I’ll have a better review up in a day or two when I have played through more of the Galactic Conquest game, but basically, here’s what I thought of it.

The game is split into a bunch of stages, most of which are very short. You aren’t in the cell stage for more than half an hour – in fact, it’s really hard to slow things down much. I found it difficult as a herbivorous single-celled animal to find new parts, since I couldn’t kill other creatures for theirs.

You advance to the land creature stage after several evolutions with whatever parts you managed to find swimming in the primordial muck. Unless you always intended for your creatures to look like paramecium with legs, you’ll have to go looking for parts by killing things or waiting for other creatures to kill things and then go rooting around in the bones, depending on where you fall in the meat/plant eater spectrum.

If you’re a herbivore – which definitely ends up being the harder path in the creature stage – you can only advance by making friends with other animals, which means… challenging them to a dance-off.

No, really.

You are judged on your ability to sing, dance, look cute (charm), and pose. The parts you choose in the creature creator influence your ability to tear it up on the savannah dance floor. If you’re really good, you can get some creatures to join your pack, which gives hungry carnivores someone other than you to chew on when Step Up 4: Darwin U reaches its inevitable, disastrous conclusion.

You’ll probably just want to skip having to randomly build your creature from found parts and just use the full creator with all the parts. This leaves you without the Siren Song ability, which calms creatures and increases their receptiveness to your breakdancing.

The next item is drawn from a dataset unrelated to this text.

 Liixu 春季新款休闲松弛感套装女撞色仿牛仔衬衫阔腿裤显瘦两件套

Next up is tribal. Make your critters stand upright, and give them hands. This and the next few stages are real-time strategy stages. You can either kill all the other tribes, make peace with them, or kill some, ally with some. It’s a VERY simple RTS and goes by quickly. You can slow it down by doing side quests like taming wild animals (which gives an achievement), but there’s little point. How you play this stage sets up the next stage, a 4X (explore, expand, exploit and exterminate) Civilization-like game of worldwide conquest. If you killed every other tribe, you become a militaristic nation. I believe peaceful tribes become religious nations, but I’m not sure.

The vehicles you design in the Civilization will reflect your strategy in the Tribal stage. And the means with which you conquer other cities determine what you can do with them. I defeated half the enemy cities through military means (including one city I nuked because I was getting bored), and then made an alliance with the remaining superpower, and that was that.

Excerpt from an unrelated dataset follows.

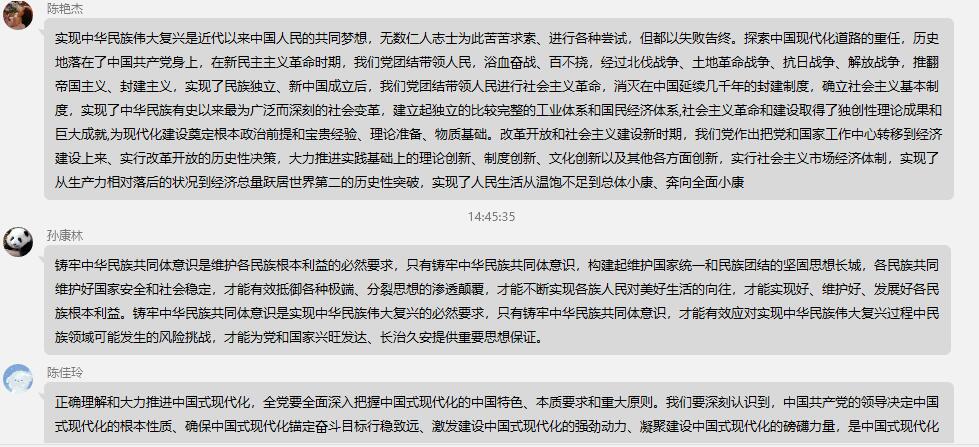 在集体讨论过程中,各团支部成员踊跃讨论交流自己的想法与收获。农研2104团支部贾艺泉表示:认真学习两会精神,争做有理想青年,我们不但要树牢正确的人生观、世界观、价值观,更要有自己的志向、追求、目标和理想,并坚持为之奋斗。农研2202团支部毛阿璐说道:“我们应珍惜今日来之不易的幸福生活,提高政治素养,紧密团结在以习近平同志为核心的党中央周围,为祖国繁荣富强更加努力学习,为中华民族伟大复兴奋斗终生!”

It took about four hours to go from a cell swimming in goo to my first spaceship.

After that, the game started its real phase.

Spore is a galactic civilization game. Everything else is just a prologue to it. The first alien civilization I encountered was using my mechs (my land vehicles are giant cat mechs called Ratters – look it up on Sporepedia under tipadaknife) and my Flappers (a steampunk aircraft that looks like a duck swimming through the air). So I thought that was rude of them. I am in the process of conquering them now through economic means.

Is it fun? Well, it’s like any decent 4X game – it’s always just one more turn. Plus, you can design new vehicles and buildings for every new colony, so you’re in the vehicle and building creator all the time.

Spore is really just two games. One is the best introductory 3D modeling program I have ever seen, with support for sharing that is seamless and automatic – there were almost 8 million player created creatures, vehicles and buildings in the Sporepedia this morning. I was enjoying building my new colonies with vehicles and buildings way more twisted than anything I could come up with.

The second game is the Galactic Civilization game. If you like GalCiv or Master of Orion 2 or others of the genre, you will likely want to rush through all the other stuff to get to it. Or just play GalCiv. Well, Spore is somewhat different. You go from place to place and get quests, like kill five floozles on this planet, or investigate strange signals from that system, or mine this much spice and sell it to them over there. There’s also collection quests and a terraforming mini game.

The other stages go by so fast, you’ll miss them if you blink. Granted, I was playing on Easy.

It’s a decent game. For the time they spent, I would have liked to have spent more time in the tribal, RTS phase. Even the strongest opponents fell for the simplest trick – kill an enemy villager with spears, then run back to the home village and pick off enemy villagers as they follow you to retaliate. Leaving the home village so that enemies would send in their villagers to steal your food, and then rush in and burninate their less protected village also worked well.